NBP near months gained over 5% on Tuesday as hopes of a peace deal between Russia and Ukraine faded.

21 May 2025

Gas Market

NBP near months gained over 5% on Tuesday as hopes of a peace deal between Russia and Ukraine faded. Despite a two-hour phone call between Trump and Putin late on Monday which ended with the U.S. President calling for an immediate and unconditional 30-day ceasefire and a start to truce talks, Ukraine has subsequently accused Russia of “trying to buy time” to continue its war. The front month contract gained 4.80p to settle at 89.09p per therm while the Winter 25 contract posted a 3.60p gain to close at 97.83p per therm. Prompt prices across the NBP and continental hubs were supported by the full shutdown of the Troll and Kollsnes facilities for maintenance as well as reduced Langeled flows. The Day ahead contract increased by 6.45p day-on-day to close out the session at 90.45p per therm.

Power Market

In contrast to the gains made across the curve, the GB Baseload prompt market declined on Tuesday.

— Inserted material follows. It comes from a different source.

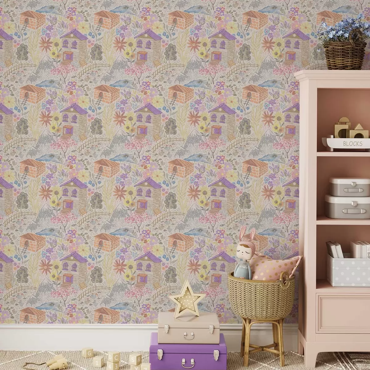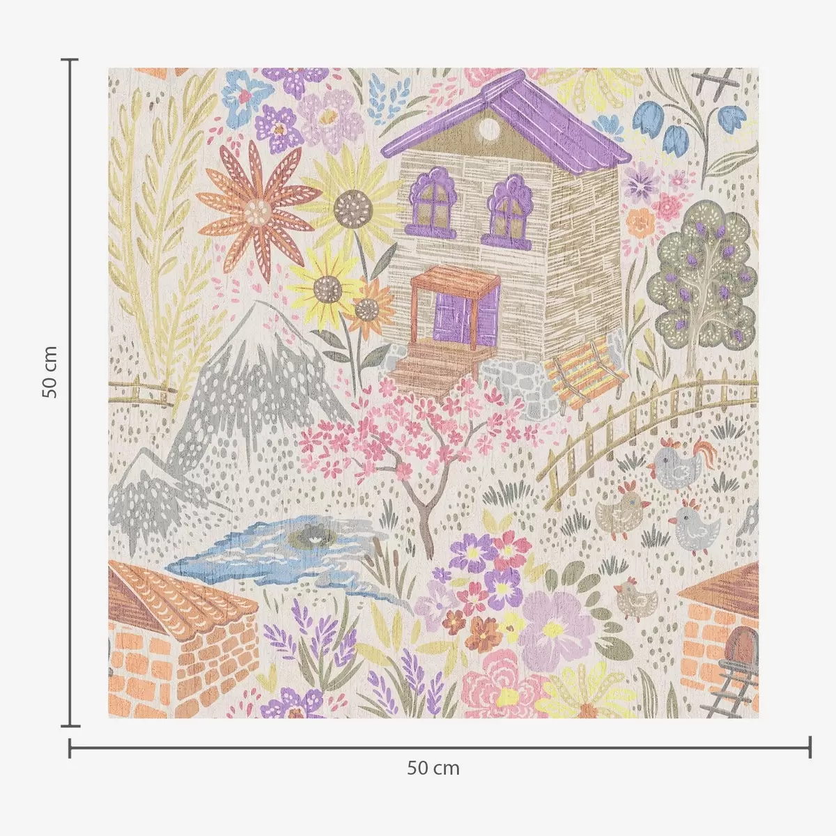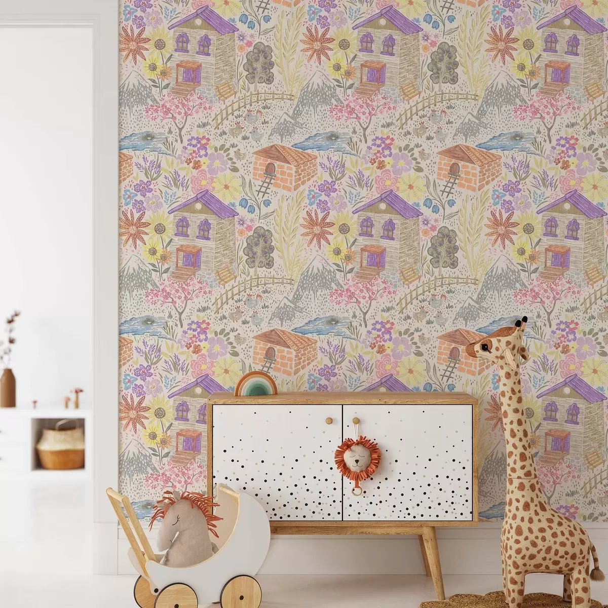 Papel pintado Dibujo infantil de un pueblo con una casa, montañas y flores. a00952

An upward revision to temperatures as well as wind generation levels weighed on the Day ahead contract, which fell by £4.11/MWh day-on-day to finish at £82.64/MWh. Meanwhile, increases across the NBP curve supported GB Baseload futures, with the front month contract posting a £4.22/MWh increase to close at £80.48/MWh. Tuesdays’ gains across European gas markets filtered into carbon prices, with the EUA Spot contract finishing at its highest close in 9 weeks to settle at €72.39 a tonne. UK Allowances also firmed, with the December 25 contract increasing by £2.67 day-on-day to close at £55.00 a tonne.

Oil Market

Crude oil markets traded sideways on Tuesday amid a volatile geopolitical landscape. With a potential fifth round of talks between the U.S. and Iran on the cards, the prospect of additional Iranian oil supply coming to the global market remained a distinct possibility, further playing into oversupply concerns. Furthermore, while hopes of a ceasefire between Russia and Ukraine have faded, the market was sceptical as to whether or not potential major sanctions on Russia from the U.K. and Europe would have a significant impact on global oil supplies. The front month Brent contract fell by just 16 cents day-on-day to close out the session at $65.38 a barrel.

Markets this morning

Yesterday’s gains have continued into this morning with the front month contract last going through at a 1.34p per therm premium to Tuesday’s close. Growing geopolitical tensions and reports of tougher sanctions on Russia by the U.K. and the E.U. continue to provide support. The scheduled maintenance at Troll and Kollsnes is expected to end this week which should mitigate potential upside across the prompt. Although Norwegian flows into the U.K. are expected to remain low today, the GB system is currently oversupplied. Oil prices are this morning supported by reports that Israel could be preparing to strike Iranian nuclear facilities, raising fears of a supply disruption in the area. Front month Brent last went through at $66.16 a barrel, up 78 cents day-on-day.